A Hopeful Case for Generative AI in Software Engineering

Reviewed by Mei Nagappan / 2023-05-13
Keywords: Generative AI

tl;dr: Any C-Suite executive who thinks they can replace software engineers (even novices) with generative AI will be at a disadvantage compared to competitors who use it to empower software engineers.

New versions of generative AI like OpenAI's GPT-3.5/4 models have made a huge splash because of their ability to write code, and because of their potential negative impact. Economists at Goldman Sachs projected that "generative AI could expose the equivalent of 300 million full-time jobs to automation" [1], and of course there was the infamous letter asking companies to stop training new generative AI models [2] (but see also [16]). In the software engineering context we therefore need to ask, "Can generative AI automate away programming jobs?"
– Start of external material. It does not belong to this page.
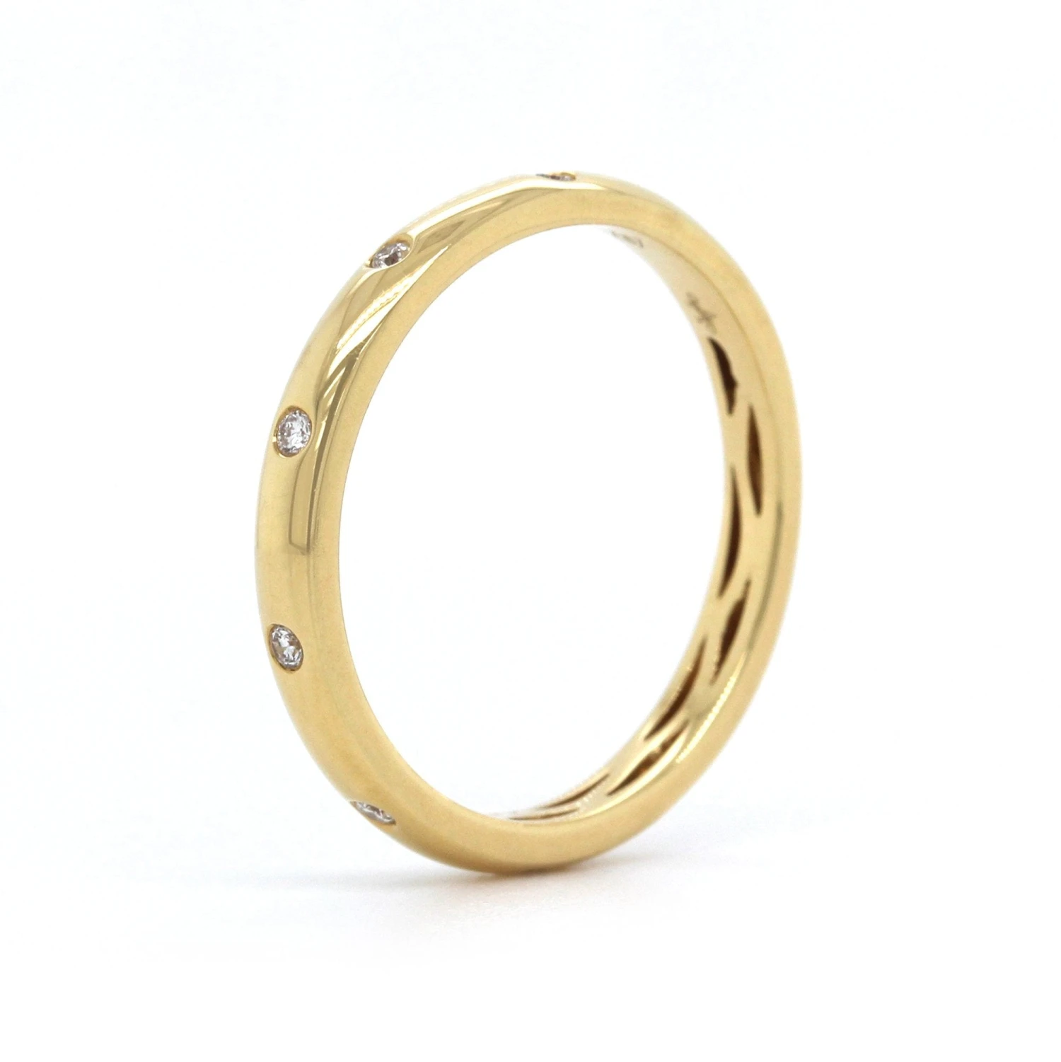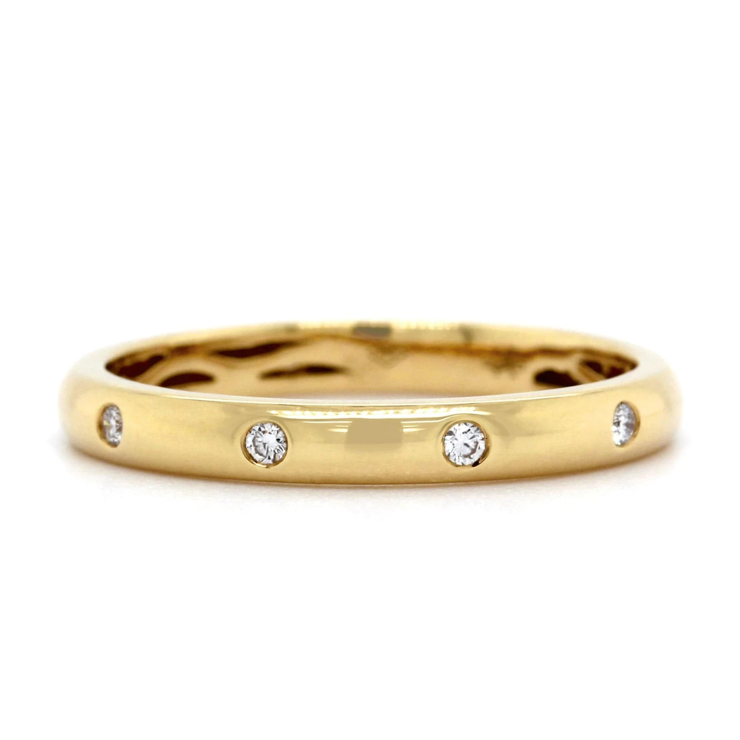 18k yellow gold eternity band with 10 burnished round diamonds.

Caveat: I am a software engineering researcher, not a specialist in AI/ML. Hence, I will restrict my discussion to just software engineering - something that I know a little bit about. This is not a commentary on any other jobs as I do not know enough about them. This is also not about the ethical/legal aspects of the technology. There are several such aspects that I will leave to experts on ethics and the law like my colleague Maura R. Grossman.

What evidence is there that anyone might think of replacing programmers entirely with AI—not anecdotes or TED Talks, but evidence?

Sandoval et al. [3] did a user study to investigate the cybersecurity impact of LLMs on code written by student programmers. They found that the use of LLMs did not introduce new security risks but helped participants generate more correct solutions.
Similarly, Asare et al. [4] investigated whether GitHub Copilot is just as likely to introduce the same software vulnerabilities as human developers. They found that it replicates the original vulnerable code ≈33% of the time while replicating the fixed code ≈25% of the time.
Ziegler et al. [5] compared the results of a Copilot user survey with data directly measured from Copilot usage. They report a strong correlation between the acceptance rates of Copilot suggestions (directly measured) and developer perceptions of productivity (user survey).
Vaithilingam et al. [6] found that Copilot frequently provides good starting points that direct programmers toward a desired solution.
Performance experiments by Erhabor [7] indicate that humans assisted by Copilot produced correct code more frequently than humans without that assistance.
Bubeck et al. [8] evaluated an early version of GPT-4 on several coding activities. They found it was comparable to humans in LeetCode questions, could develop small games, do data visualization, and even understand and reason about code execution. (Sebastian gives a great talk about the study here.)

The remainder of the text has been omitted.